Lawsuit filed against Harley-Davidson for Copyright Infringement

(Wednesday, April 25, 2012  – Milwaukee, WI) Artist Wayne Peterson filed a lawsuit today against Harley Davidson for Copyright Infringement.  See 001 Complaint for Copyright Infringement against Harley Davidson.

Peterson, who formerly did business as Peterson Studios Ltd., is a freelance commercial artist. From the mid 1970s to the mid 2000s, Harley-Davidson commissioned Peterson, as an independent contractor, to produce more than 600 pictorial, graphic, sculptural, and other works. Peterson’s work includes many of Harley-Davidson’s most widely recognized branding and marketing images.

In 1985, Harley-Davidson commissioned Peterson to create a work, limited to placement on one run of timing and carburetor covers, that would become iconic for the company, the “Live to Ride” logo. Peterson fulfilled that commission, hand-drawing and hand-lettering a completely new artwork, as seen in Figure 1 below, which is a copy of the artwork submitted to Harley-Davidson.  It will be referred to as the “Live to Ride Logo.”

 

Figure 1. Live to Ride Logo.

In 1991, Harley-Davidson commissioned Peterson to create a logo for a run of folder covers at its Harley-Davidson University, a “school” where it trains dealers and technicians. Peterson fulfilled that commission, again hand-drawing and hand-lettering a completely new artwork surrounding its existing logo, as seen in Fig. 2.  A copy of the artwork submitted to Harley-Davidson is attached hereto as Exhibit B, and it will be referred to as the “Harley-Davidson University Logo,” and collectively with the Live to Ride Logo, the “Peterson Created Logos.”

 

 

Figure 2. Harley-Davidson University Logo.

The Live to Ride Logo is registered with the United States Copyright Office. Peterson is the exclusive owner of U.S. Copyright with Registration Number VA 1-747-899 for the Live to Ride Logo, titled LIVE TO RIDE RIDE TO LIVE. A copy of that Certificate of Registration is attached to the Complaint as Exhibit C. Peterson’s LIVE TO RIDE RIDE TO LIVE copyright is valid and subsisting. The Harley-Davidson University Logo is registered with the United States Copyright Office.  Peterson is the exclusive owner of U.S. Copyright with Registration Number VA 1-738-580 for the Harley-Davidson University Logo, titled HARLEY-DAVIDSON UNIVERSITY.  A copy of that Certificate of Registration is attached to the Complaint as Exhibit D.  Peterson’s HARLEY-DAVIDSON UNIVERSITY copyright is valid and subsisting.  When Peterson submitted the Peterson Created Logos, he also submitted his invoices for the work, copies of which are attached to the Complaint as Exhibits E and F, respectively.  On those invoices, and on every invoice Peterson submitted to Harley-Davidson for his work with them over for 25 years, Peterson clearly licensed Harley-Davidson to use his works subject to the express limitation that plainly appears on the bottom:

“All illustrations are sold on a one time one run basis, and remain the property of Peterson Studios Ltd. to which they are to be returned.”  Complaint, Exhibits E and F (emphasis added).  See also, Figure 1 above and Complaint, Exhibit A.
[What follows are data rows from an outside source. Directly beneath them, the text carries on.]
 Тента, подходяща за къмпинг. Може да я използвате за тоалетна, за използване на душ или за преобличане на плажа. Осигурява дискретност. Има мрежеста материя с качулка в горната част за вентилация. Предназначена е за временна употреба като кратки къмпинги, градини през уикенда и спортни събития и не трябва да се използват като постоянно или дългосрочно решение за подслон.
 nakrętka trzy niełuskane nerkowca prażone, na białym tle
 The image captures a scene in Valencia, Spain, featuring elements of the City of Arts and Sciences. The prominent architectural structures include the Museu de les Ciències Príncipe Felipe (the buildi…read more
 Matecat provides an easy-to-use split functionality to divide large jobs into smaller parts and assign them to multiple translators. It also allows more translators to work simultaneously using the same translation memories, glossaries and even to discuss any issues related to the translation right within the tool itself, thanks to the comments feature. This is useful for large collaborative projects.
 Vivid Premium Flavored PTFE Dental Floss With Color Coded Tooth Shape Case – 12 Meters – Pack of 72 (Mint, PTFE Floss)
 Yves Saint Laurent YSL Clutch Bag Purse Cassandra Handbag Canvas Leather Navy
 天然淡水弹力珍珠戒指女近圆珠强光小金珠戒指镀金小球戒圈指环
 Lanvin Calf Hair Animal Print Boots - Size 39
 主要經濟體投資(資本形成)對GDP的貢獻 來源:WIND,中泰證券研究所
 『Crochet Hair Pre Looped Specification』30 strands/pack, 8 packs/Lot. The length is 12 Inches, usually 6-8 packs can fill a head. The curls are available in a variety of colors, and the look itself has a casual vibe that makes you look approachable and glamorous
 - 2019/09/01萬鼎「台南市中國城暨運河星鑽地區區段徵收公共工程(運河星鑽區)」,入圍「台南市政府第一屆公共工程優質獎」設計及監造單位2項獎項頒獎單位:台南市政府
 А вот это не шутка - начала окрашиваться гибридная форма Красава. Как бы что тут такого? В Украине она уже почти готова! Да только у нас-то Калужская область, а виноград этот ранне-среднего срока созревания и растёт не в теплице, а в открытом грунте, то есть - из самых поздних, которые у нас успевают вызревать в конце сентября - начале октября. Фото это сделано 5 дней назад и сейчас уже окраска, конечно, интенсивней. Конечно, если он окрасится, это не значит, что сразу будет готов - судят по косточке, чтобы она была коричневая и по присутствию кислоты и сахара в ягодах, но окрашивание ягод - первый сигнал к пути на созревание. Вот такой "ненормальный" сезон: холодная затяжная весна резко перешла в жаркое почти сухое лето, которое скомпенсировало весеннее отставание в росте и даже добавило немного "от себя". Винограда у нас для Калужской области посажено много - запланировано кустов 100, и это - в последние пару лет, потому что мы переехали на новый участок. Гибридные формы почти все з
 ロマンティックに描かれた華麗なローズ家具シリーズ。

Harley-Davidson agreed to the terms of the invoices, paid the amount due in full, and used Peterson Created Logos. Peterson never transferred ownership of the copyrights in his works to Harley-Davidson.  As reflected in the express limitations of the invoices.  See Complaint, Exhibits E and F. Peterson never licensed Harley-Davidson to use the Peterson Created Logos in any manner beyond a limited “one time one run” authorization, one run for the timing and carburetor covers for the Live to Ride Logo and one run for the folder covers for the Harley-Davidson University Logos.  Peterson was never an employee of Harley-Davidson.  Harley-Davidson did not have a work for hire agreement with Peterson for  the Peterson Created Logos or any other work Peterson did for Harley-Davidson.  In fact, the only written agreement Harley-Davidson ever offered Peterson was in 1993 when Harley-Davidson sent Peterson a standard boiler plate vendor Non-Disclosure Agreement, which Peterson did not sign.

Despite the clear language of the invoices and Defendants’ knowledge that the Peterson Created Logos were limited to a “one time one run” authorization, Defendants have, without any authorization permitting them to do so, continually displayed, reproduced, and distributed Peterson’s Peterson Created Logos on hundreds, if not thousands, of runs of products, packaging material, and marketing material, including, but not limited to, clothing (such as boxers, jackets, vests, shirts and hats), motorcycle accessories (such as derby covers, gas cap medallions, universal medallions, tear drop air cleaners, console door covers, brake caliper trim disks, handlebar clamp covers, air cleaner trim plates, chain inspection covers, and handlebar grips), and other articles (such as pins, watches and buckles).

One example of the thousands of unauthorized uses is seen in Figure 3, their “Live to Ride” Collection Universal Medallion offered for sale on Harley-Davidson’s website as of March 8, 2012.

Figure 3. “Live To Ride” Collection Universal Medallion

As can be seen in the side by side comparison in Figure 4, Harley-Davidson’s “Live to Ride” Collection Universal Medallion uses an exact copy of Peterson’s Live to Ride Logo, except that Harley-Davidson places a ® next to the text “Harley-Davidson,” its own name, ironically in an attempt to protect their perceived intellectual property from counterfeiters.  Tellingly, Harley-Davidson never even applied for an actual copyright for Live to Ride Logo due to Peterson being the author.

 

 

 

 

 

 

 

 

Figure 4. Side by Side Comparison of the Live to Ride Logo and Harley-Davidson’s “Live to Ride” Collection Universal Medallion

Defendants’ use of the Peterson Created Logos in the manner complained of herein constitutes infringement of Peterson’s valid copyrights in and to the Peterson Created Logos.  The natural, probable, and foreseeable result of Defendants’ wrongful conduct has and continues to be to deprive Peterson of the benefits and revenues from the sale of an appropriate license to use the Peterson Created Logos as Defendants have.  Peterson will continue to lose substantial revenue from Defendants unauthorized, infringing and wrongful uses, copying, creation of derivative works, and distribution of Peterson’s copyrighted Peterson Created Logos.

Peterson is requesting injunctive relief, damages and attorneys’ fee under Title 17 U.S.C. § 505.